Chapter 4: Alkanes and Cycloalkanes

Students learn how physical properties such as boiling points, melting points, and densities vary systematically across alkane homologs and how molecular branching influences these properties through changes in intermolecular contact surface. The chapter then transitions to conformational isomerism, using ethane, propane, and butane as foundational examples to introduce Newman projection representations and the concept of torsional strain arising from unfavorable eclipsing interactions between substituents. The core focus shifts to cycloalkanes, where ring strain emerges as a critical determinant of stability, decomposing into angle strain from deviation from ideal tetrahedral geometry and torsional strain from unfavorable dihedral angles within the ring. Cyclopropane and cyclobutane illustrate severe ring strain, while cyclopentane demonstrates partial relief through pseudorotation.
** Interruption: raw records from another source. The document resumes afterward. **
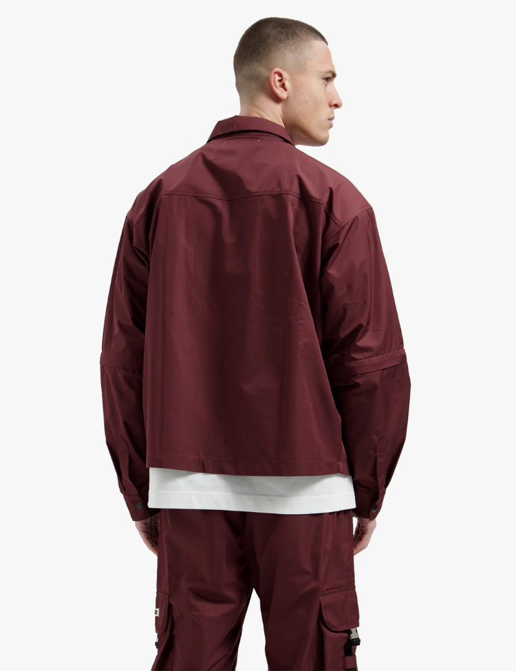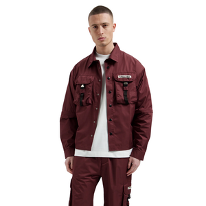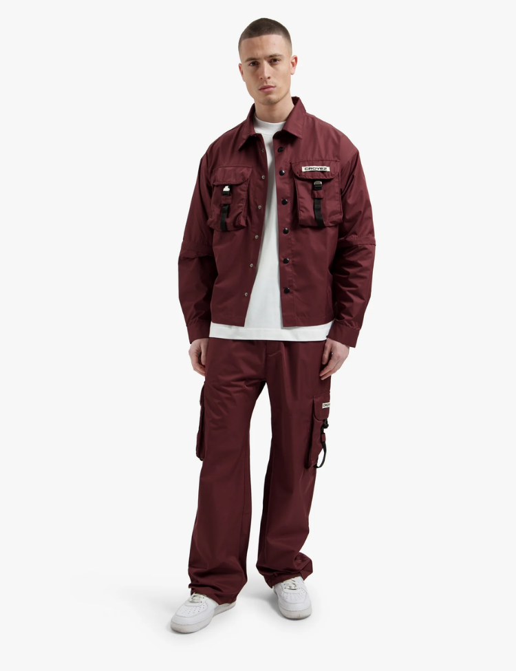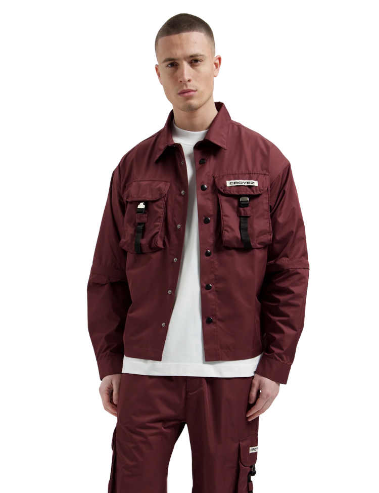 Dit nylon jack heeft een klassieke kraag en doorlopende knoopsluiting. De twee borstzakken met ritssluiting en zwarte banden geven het jack een technisch karakter. Op de linker borstzak zit een wit label met "Croyez" tekst. Het lichtgewicht nylon materiaal heeft een glanzende afwerking. De burgundy kleur geeft dit overshirt een rijke uitstraling die je casual streetwear look compleet maakt.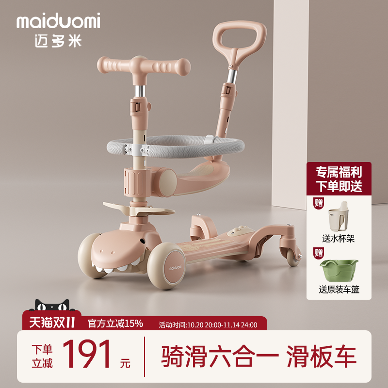 迈多米儿童滑板车六合一1到3岁6岁防侧翻三合一可坐可骑溜娃神器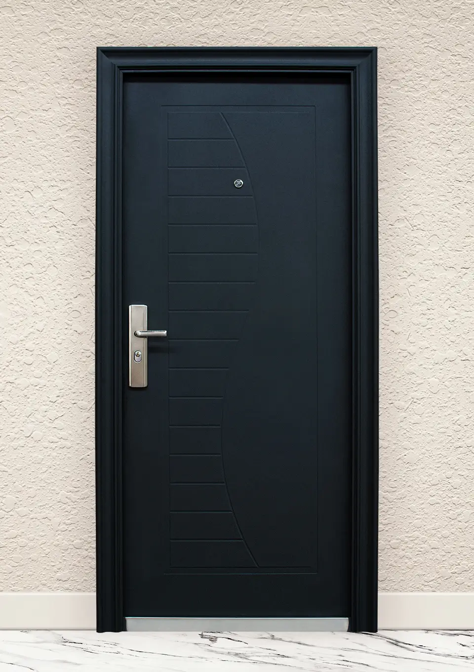 Крилото на вратата е изработено от два метални листа с релефна повърхност, допълнително оребрено с метални профили и поставена между тях изолация тип „пчелна пита”. Дебелината му е 50мм. Касата на вратата е метална с дебелина 90мм. с перваз само от едната страна. Заключването е тристранно, 12-точково. Бравата заключва вратата в три посоки – нагоре, надолу и в страни с 11 шипа, като има и вътрешна ключалка с един шип.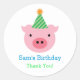 Este lindo y colorido pegatina de favores es ideal para celebrar una fiesta de cumpleaños con un tema de cuento de hadas. Presenta un ilustracion de personajes de los Tres Cerditos usando un gorra fiesta. Pegatina Unisex ideal para un niño pequeño y un evento animado.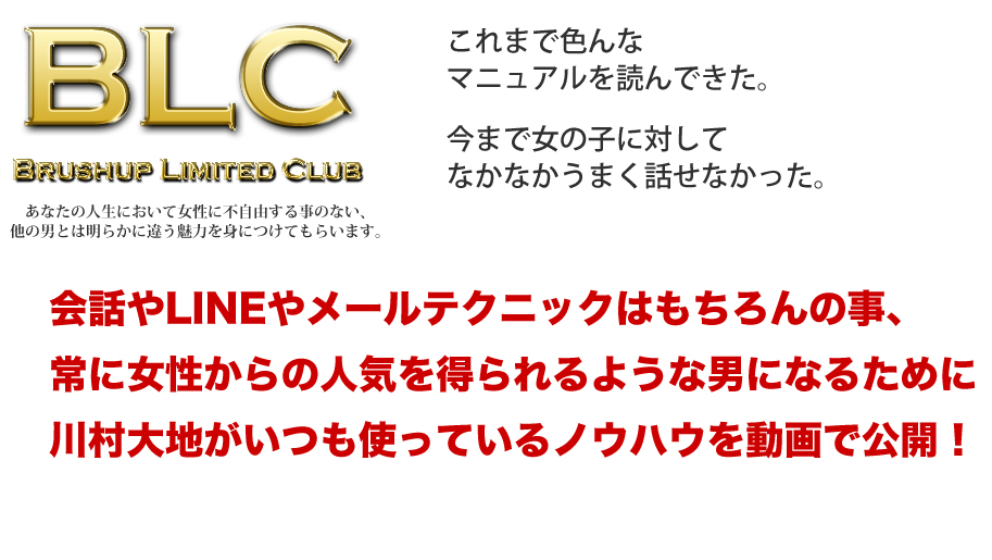 「BLC〜ブラッシュアップ・リミテッド・クラブ〜」では、恋愛で上手く成果を上げるために独自の恋愛テクニックをマスターしてもらいます。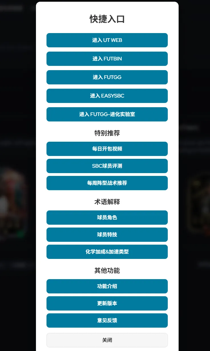 插件配备快捷入口功能,内含 UT WEB、FUTBIN、FUTGG 等常用网站链接,还有欧啊欧专门整理的球员角色、特技、化学加成等游戏术语解析,无需手动收藏,一键直达核心资源,节省查找时间。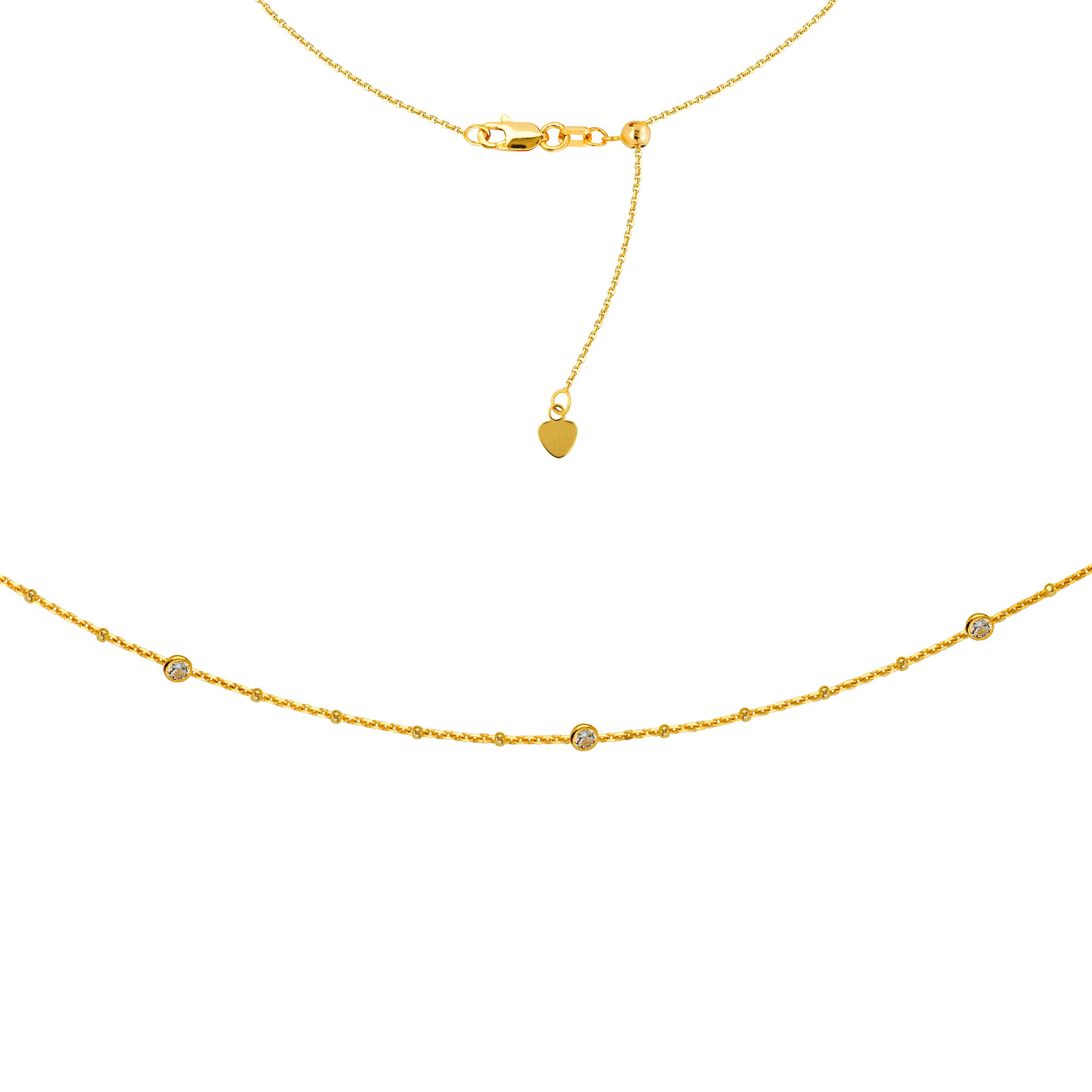 4 Stations Cz Choker 14k Yellow Gold Necklace, 16" Adjustable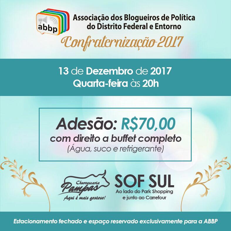 Com mais de 40 associados, celebrando 3 anos de existência e atuação na capital federal a Associação dos Blogueiros de Política do Distrito Federal e Entorno (ABBP) realiza, nesta quarta-feira, 13 de dezembro, às 20 horas, um jantar de confraternização, na Churrascaria Pampas, no Setor de Oficinas Sul ao lado do Park Shopping junto ao Carrefour.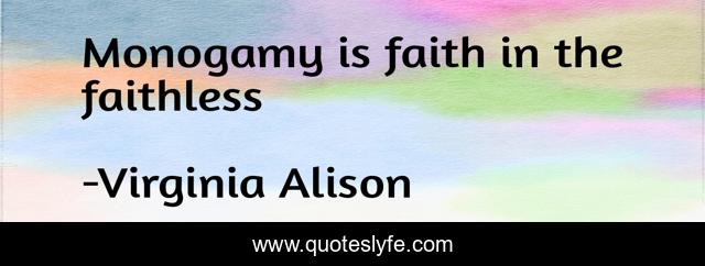 This page presents the quote "Monogamy is faith in the faithless". Author of this quote is Virginia Alison. This quote is about faith, monogamy, love, affection,.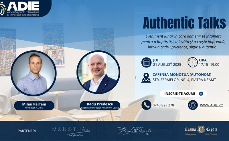 Joi, 21 august 2025, Cafeneaua Monotua – Dante (Autonom) din Piatra-Neamț găzduiește prima ediție a evenimentului Authentic Talks – Spațiul viu al dialogului, o inițiativă inedită, care aduce împreună oameni dornici de creștere personală, comunicare autentică și relații de calitate. Evenimentul este organizat de Asociația pentru Dezvoltare și Învățare Experiențială, un ONG local care își propune să creeze contexte reale de învățare, conexiune și inspirație în comunitățile din România.

Cyclohexane receives extensive treatment as the most important cycloalkane, with detailed analysis of chair, boat, twist, and half-chair conformations and their relative energies. The chapter emphasizes how cyclohexane's chair form minimizes both angle and torsional strain through optimal positioning of all bonds. Critical concepts include axial and equatorial substituent orientations, 1,3-diaxial interactions that destabilize axial groups, and ring-flip dynamics that allow interconversion between chair conformers. Together, these topics establish fundamental principles governing the three-dimensional structure and thermodynamic stability of saturated hydrocarbon frameworks.